Data for review:
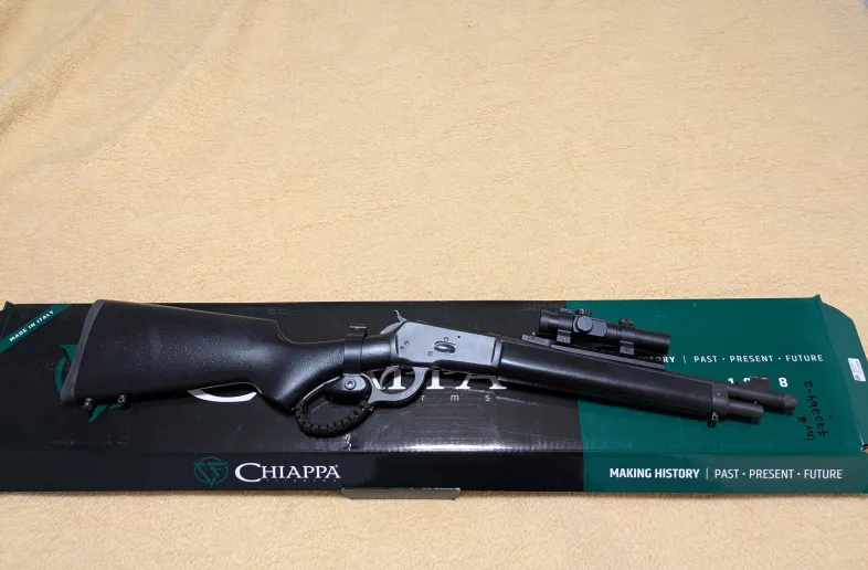 Chiappa 1892 Carbine NSR Lever-Action Rifle with Bushnell red dot. Mint condition with 10 rounds fired through it. Looking to sell or trade for a good condition semi shotgun for duck hunting.
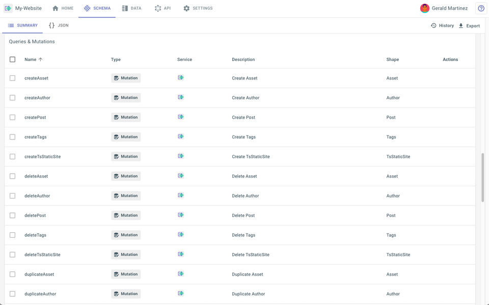 Here is where you can manage your services, shapes/model, and your queries and mutations. You can drag and drop to organize your data model. Take a look at the images below:
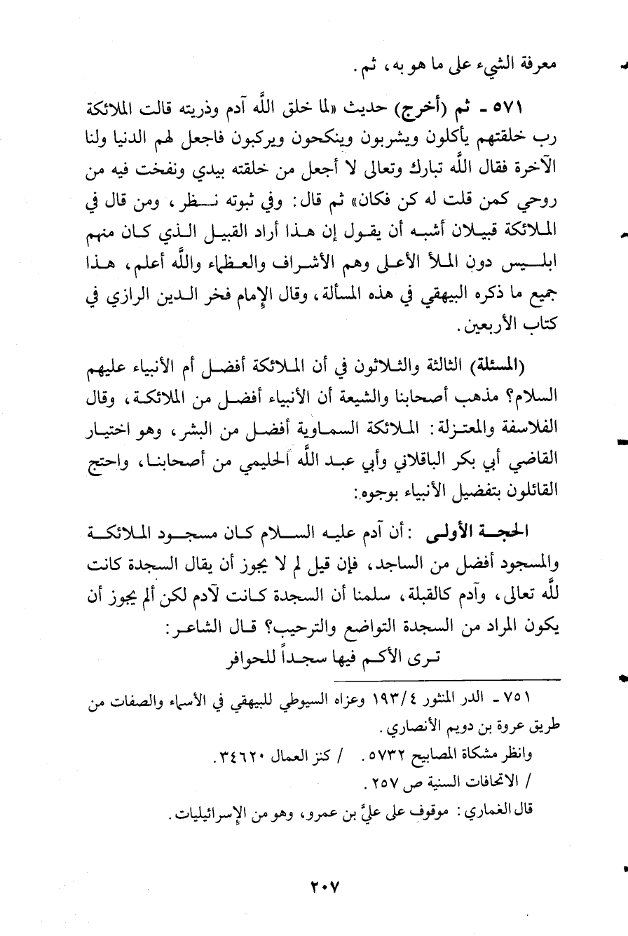 لما خلق الله آدم وذريته قالت الملائكة: رب خلقتهم يأكلون ويشربون وينكحون ويركبون فاجعل لهم الدنيا ولنا الآخرة فقال الله تبارك وتعالى: لا أجعل من خلقته بيدي ونفخت فيه من روحي كمن قلت له كن فكان (ثم قال: وفي ثبوته نظر، ومن قال في الملائكة قبيلان أشبه أن يقول: إن هذا أراد القبيل الذي كان منهم إبليس دون الملأ الأعلى وهم الأشراف والعظماء والله أعلم، هذا جميع ما ذكره البيهقي في هذه المسألة، وقاله الإمام فخر الدين الرازي في كتاب الأربعين.
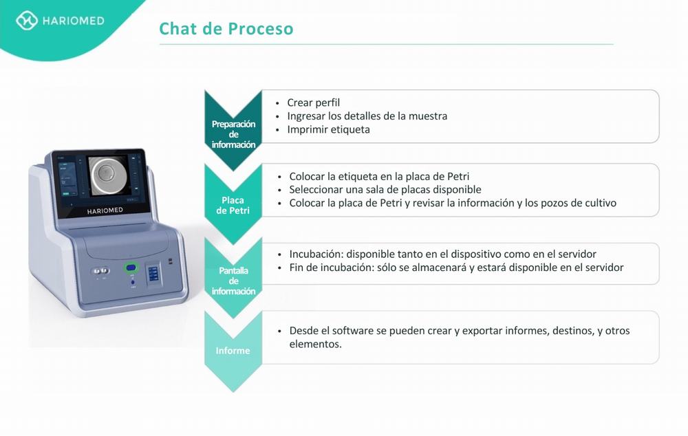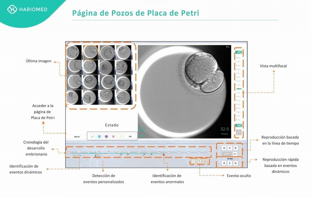 Monitorización Continua y No Invasiva: La tecnología Time-Lapse captura imágenes de los embriones a intervalos regulares (cada 10 minutos en 17 planos focales distintos) sin necesidad de retirarlos de la incubadora. Esto nos permite observar eventos críticos del desarrollo que antes podían pasar desapercibidos. Todo el proceso se gestiona a través de una pantalla táctil de 18.5 pulgadas que muestra el estado del cultivo en tiempo real.
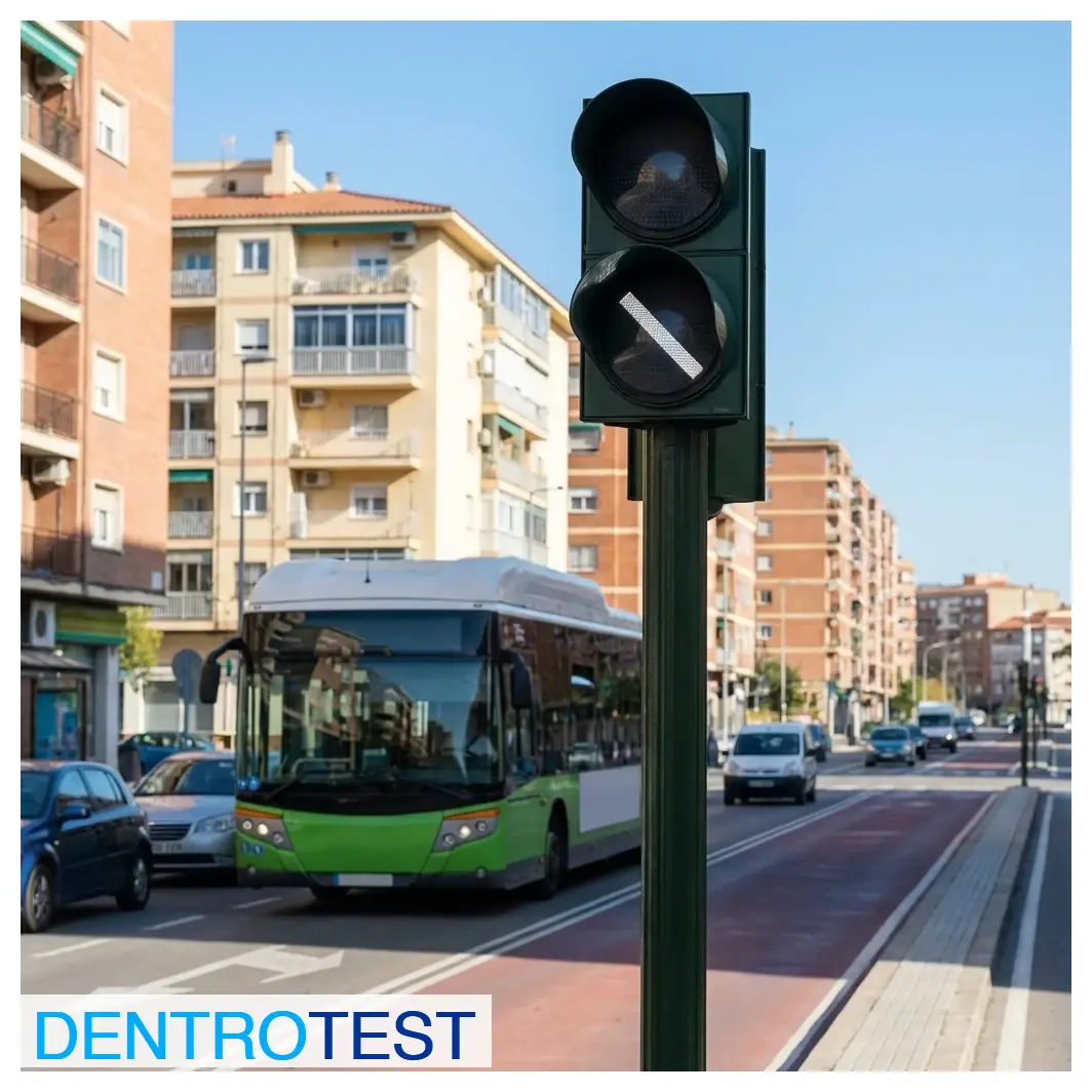 On a traffic light reserved for buses and taxis, what does an illuminated white diagonal stripe pointing to the left indicate?
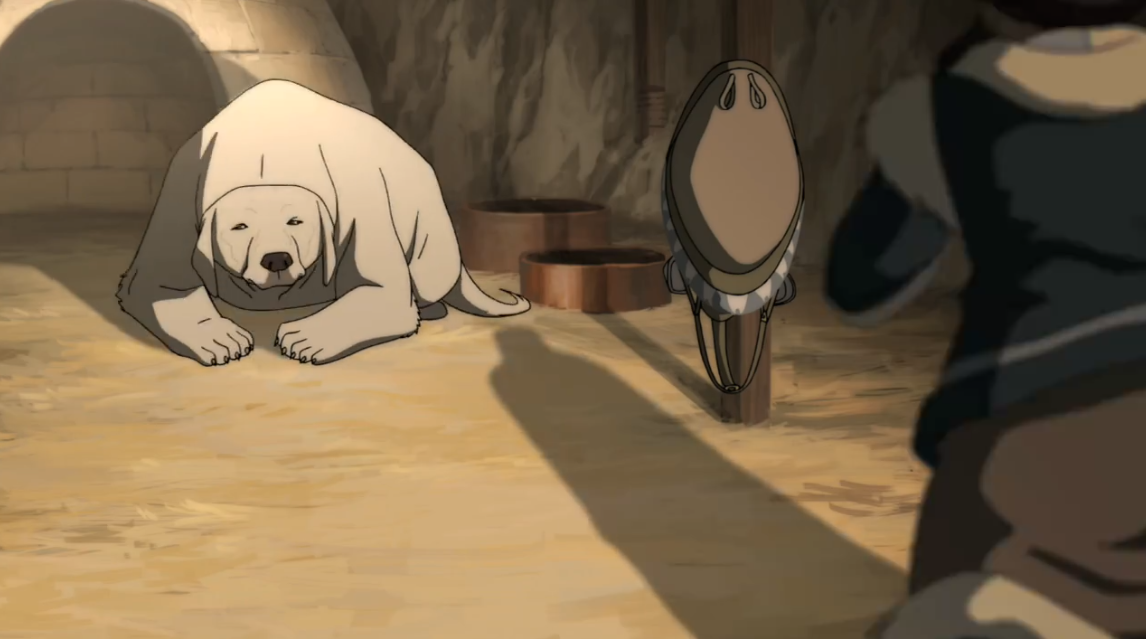 One of the White Lotus chaps is wary about how Korra likes beating dudes up a little too much, but Katara steps in and convinces him to let Korra learn airbending from Tenzin. Only when Tenzin rolls in on a flying bison—three kids and a pregnant wife in tow—it turns out he’s only staying overnight, because he has Shit To Do in Republic City. (Miscellaneous item: Aang and Katara’s other kids were named Kya, after Katara’s mom, and Bumi. Awwww.) Korra tries to convince the White Lotus to let her go with Tenzin, but they refuse, which isn’t a big deal, because literally everyone has to know she’s going to escape on her GIANT POLAR BEAR DOG:
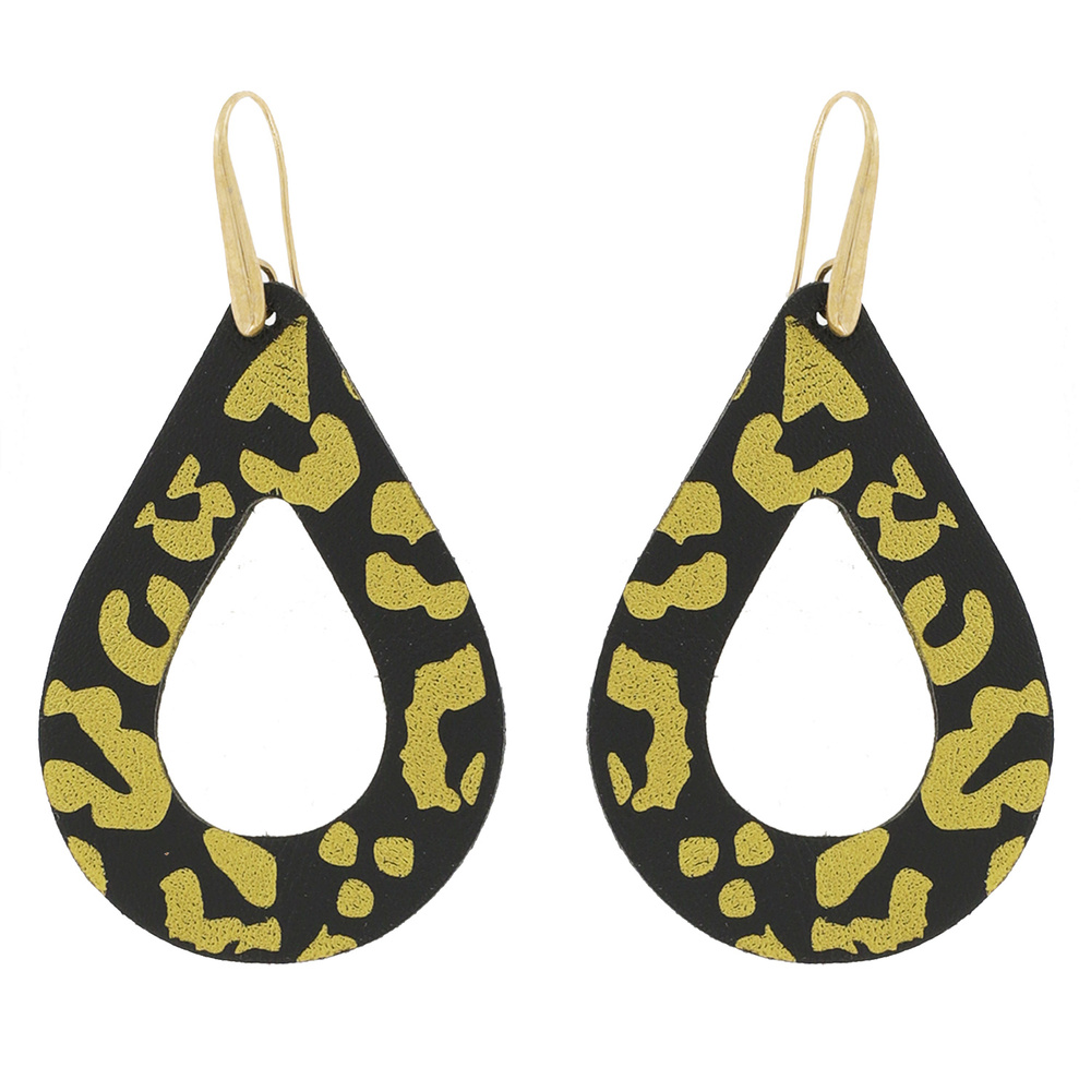 BOHO VEGAN FAUX LEATHER GOLD LEOPARD ANIMAL PRINT OPEN TEARDROP DANGLE AND DROP EARRINGS
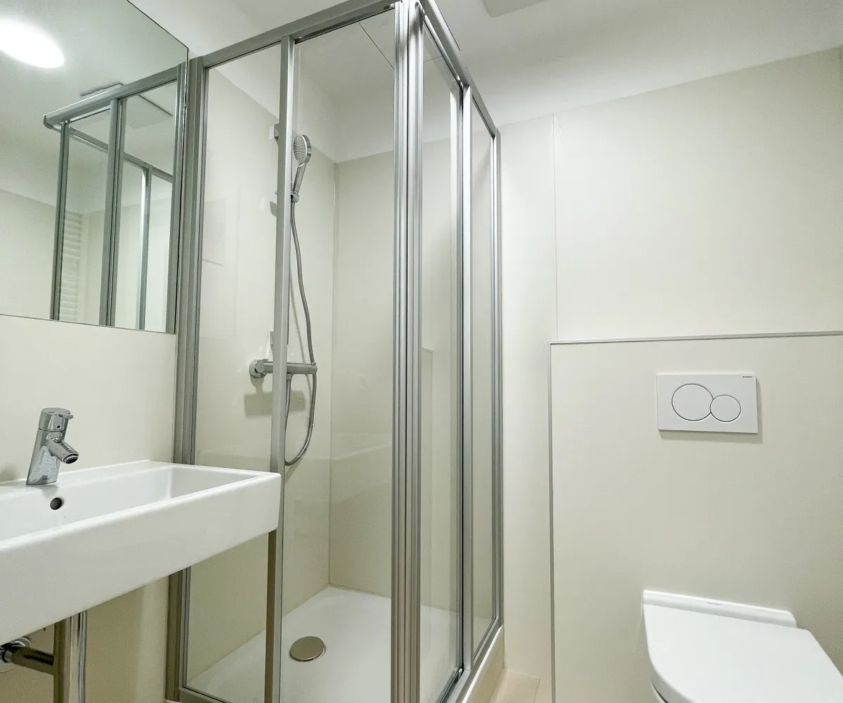 Gemeinschaftliche Damen- und Herren-WCs auf jedem Stockwerk
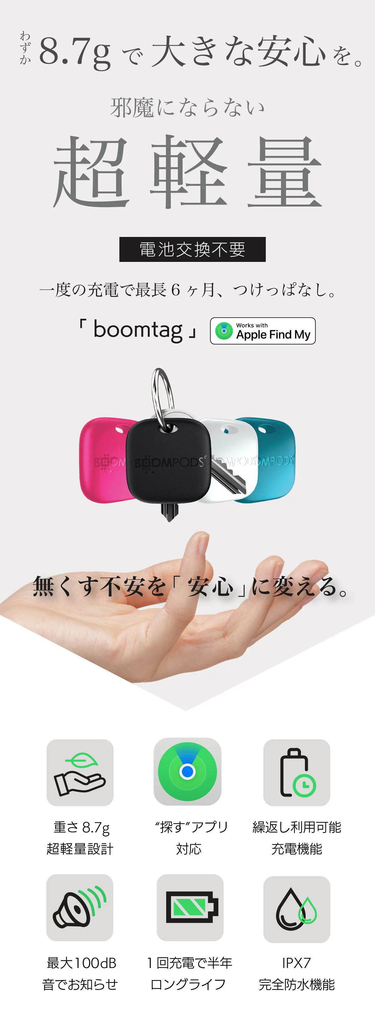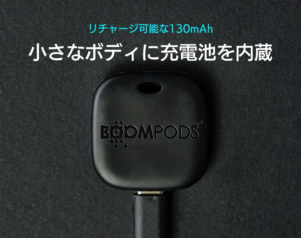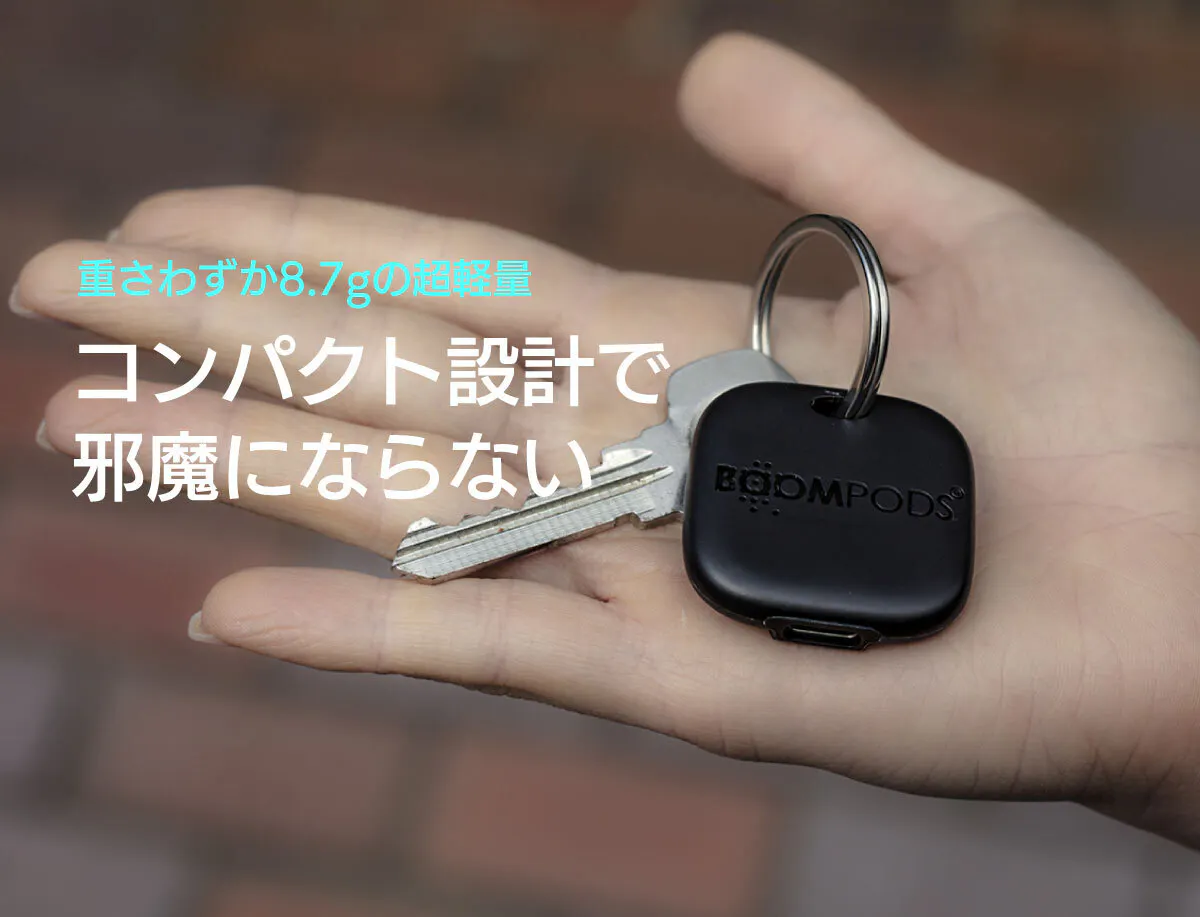 一般的な紛失防止タグはボタン電池が採用されていたり、一部には電池交換ができないものも存在しますが、このboomtagは電池交換の必要は一切ありません。
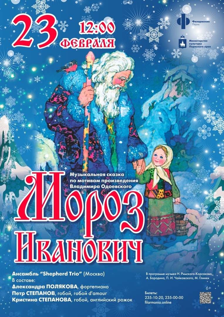 The premiere of the musical winter fairy tale "Moroz Ivanovich" was prepared by talented musicians "SHEPHERD TRIO" (translated from English as "shepherd trio"). Artistic word - actor of drama theater and cinema, Sergey Stepanov. The ensemble "Shepherd trio" includes laureates of all-Russian and international competitions, musicians of the Moscow State Conservatory. P.I. Tchaikovsky, performing in prestigious concert halls - Pyotr STEPANOV (oboe, oboe d'amour or oboe of love), Kristina STEPANOVA (oboe, English horn) and Alexandra POLYAKOVA (piano).
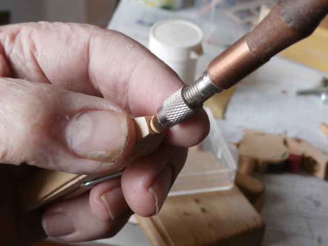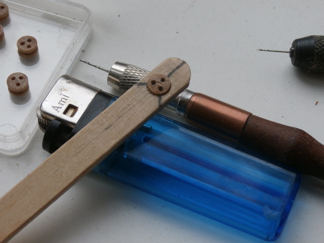 Изготовил новую приспособу. Склеил две палочки от мороженного просверлил отверстие, в которое с натягом вставляется круглая заготовка. При помощи шила намечаю место где будут просверлены отверстия юферса. Сверлю в три этапа. Первый - сверлом 0,5 мм на микро сверлильном станочке
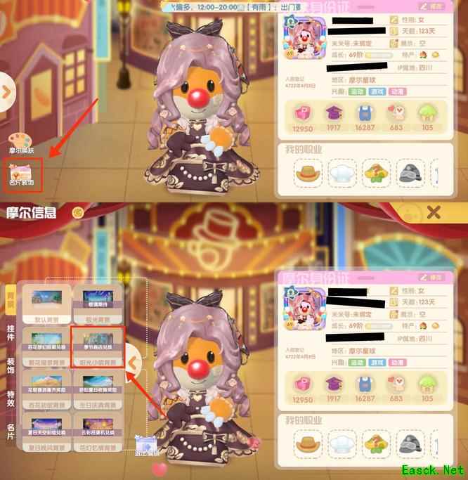 阳光小镇背景更换方法:摩尔头像—查看详情—名片装饰—阳光小镇背景

Task description: Write out exactly the lines beginning with the line that holds "One of the White" and ending with the final line of the data, both ends included, without the pictures.

Exercise output:
 One of the White Lotus chaps is wary about how Korra likes beating dudes up a little too much, but Katara steps in and convinces him to let Korra learn airbending from Tenzin. Only when Tenzin rolls in on a flying bison—three kids and a pregnant wife in tow—it turns out he’s only staying overnight, because he has Shit To Do in Republic City. (Miscellaneous item: Aang and Katara’s other kids were named Kya, after Katara’s mom, and Bumi. Awwww.) Korra tries to convince the White Lotus to let her go with Tenzin, but they refuse, which isn’t a big deal, because literally everyone has to know she’s going to escape on her GIANT POLAR BEAR DOG:
 BOHO VEGAN FAUX LEATHER GOLD LEOPARD ANIMAL PRINT OPEN TEARDROP DANGLE AND DROP EARRINGS
 Gemeinschaftliche Damen- und Herren-WCs auf jedem Stockwerk
 一般的な紛失防止タグはボタン電池が採用されていたり、一部には電池交換ができないものも存在しますが、このboomtagは電池交換の必要は一切ありません。
 The premiere of the musical winter fairy tale "Moroz Ivanovich" was prepared by talented musicians "SHEPHERD TRIO" (translated from English as "shepherd trio"). Artistic word - actor of drama theater and cinema, Sergey Stepanov. The ensemble "Shepherd trio" includes laureates of all-Russian and international competitions, musicians of the Moscow State Conservatory. P.I. Tchaikovsky, performing in prestigious concert halls - Pyotr STEPANOV (oboe, oboe d'amour or oboe of love), Kristina STEPANOVA (oboe, English horn) and Alexandra POLYAKOVA (piano).
 Изготовил новую приспособу. Склеил две палочки от мороженного просверлил отверстие, в которое с натягом вставляется круглая заготовка. При помощи шила намечаю место где будут просверлены отверстия юферса. Сверлю в три этапа. Первый - сверлом 0,5 мм на микро сверлильном станочке
 阳光小镇背景更换方法:摩尔头像—查看详情—名片装饰—阳光小镇背景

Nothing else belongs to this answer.